Hab jetzt die empfohlenen Werte von Fox an der Gabel gezählt, hab also die Verstellräder in Fahrtrichtung nach links eingestellt und die Klicks gezählt...
Jetzt macht die Gabel beim ausfedern Geräusche wie ein "Luftziehen". Normal?


Bzw. hab ich schon den ersten Fehler gemacht? Hab erst die LSC und HSC eingestellt, danach den Rebound.
Wenn ich nun aber die Anleitung nochmal lese, muss ich zuerst Rebound machen.


----------



## ruben81 (8. Dezember 2014)

Dieses Luftziehen habe ich bei mit auch. Und zusätzlich auch etwas Öl an der Rebound Schraube. Ist meine erste Fox, kenne mich da auch nicht so gut aus.
Die Jungs im Bike Discount Megastore haben die Gabel bei Auslieferung auf 150psi aufgepumpt, obwohl 125psi der max. zulässige Druck ist, hoffe da haben sie nix kaputt gemacht...


----------



## Knoxville86 (9. Dezember 2014)

Da muss ich bei mir mal das Übergabeprotokoll anschauen. Hast du dort mal angefragt? Ich kann die Mailhilfe von denen echt empfehlen, schnelle Reaktion und Hilfestellung


----------



## BoPeeP (9. Dezember 2014)

Zitat von der Fox-Seite: "New 2015 36 FLOAT forks come from the factory with one blue 7.6cc spacer installed. To make it easier to achieve full travel, you can remove the existing spacer to lower your compression ratio."

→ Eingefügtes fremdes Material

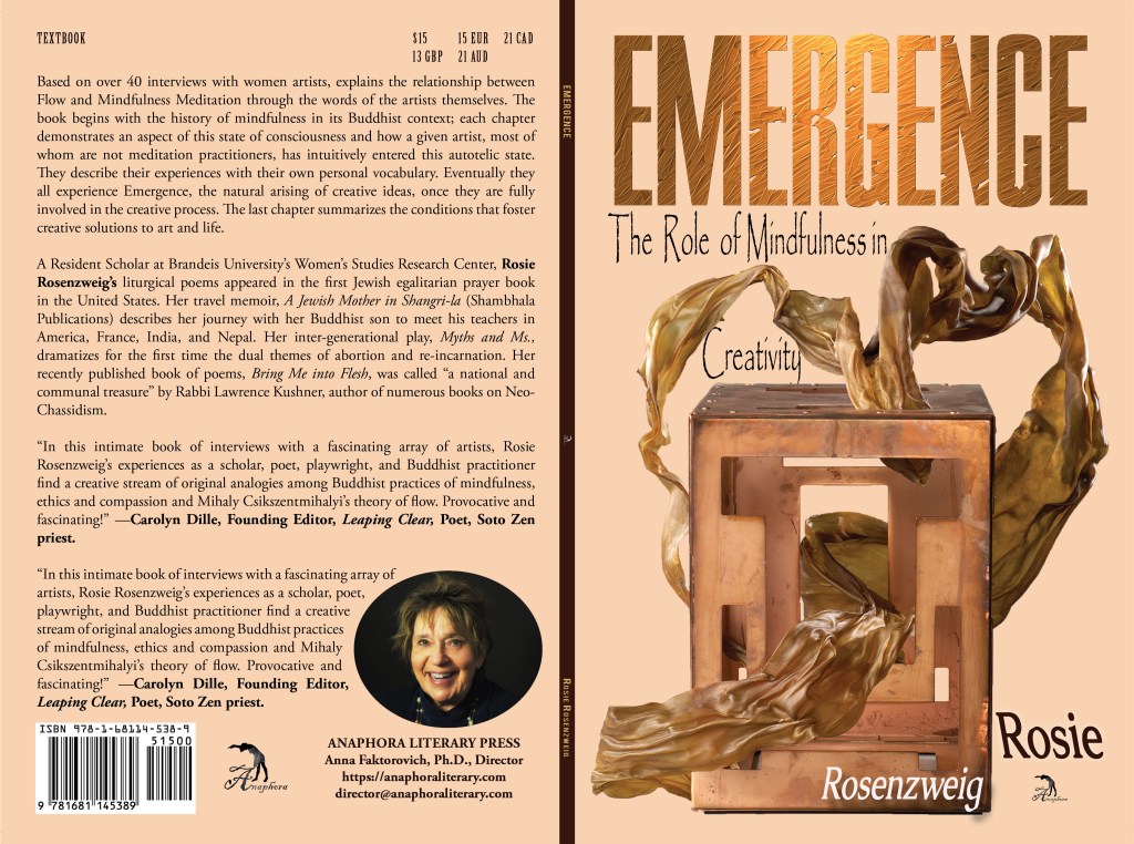 “In this intimate book of interviews with a fascinating array of artists, Rosie Rosenzweig’s experiences as a scholar, poet, playwright, and Buddhist practitioner find a creative stream of original analogies among Buddhist practices of mindfulness, ethics and compassion and Mihaly Csikszentmihalyi’s theory of flow. Provocative and fascinating!” —Carolyn Dille, Founding Editor, Leaping Clear, Poet, Soto Zen priest.

D.h. das etwas harte Ansprechen der Gabel lässt sich auch auf den Spacer zurückführen, der serienmäßig verbaut ist. Kann ich den einfach entfernen?
Für mein Empfinden ist die Gabel immer noch etwas zu hart bei ruppigen Passagen. Kampfgewicht mit allem drum und dran bei ca. 97 Kg. SAG habe ich au ca. 20% eingestellt.


----------



## MTB-News.de




----------



## ~joe~ (9. Dezember 2014)

SAG erhöhen sollte schon helfen, oder nutzt die Gabel schon den FW gut aus?
Eventuell ja auch einfach mit der Zug/Druckstufe rumspielen...


----------



## BoPeeP (10. Dezember 2014)

~joe~ schrieb:


> SAG erhöhen sollte schon helfen, oder nutzt die Gabel schon den FW gut aus?
> Eventuell ja auch einfach mit der Zug/Druckstufe rumspielen...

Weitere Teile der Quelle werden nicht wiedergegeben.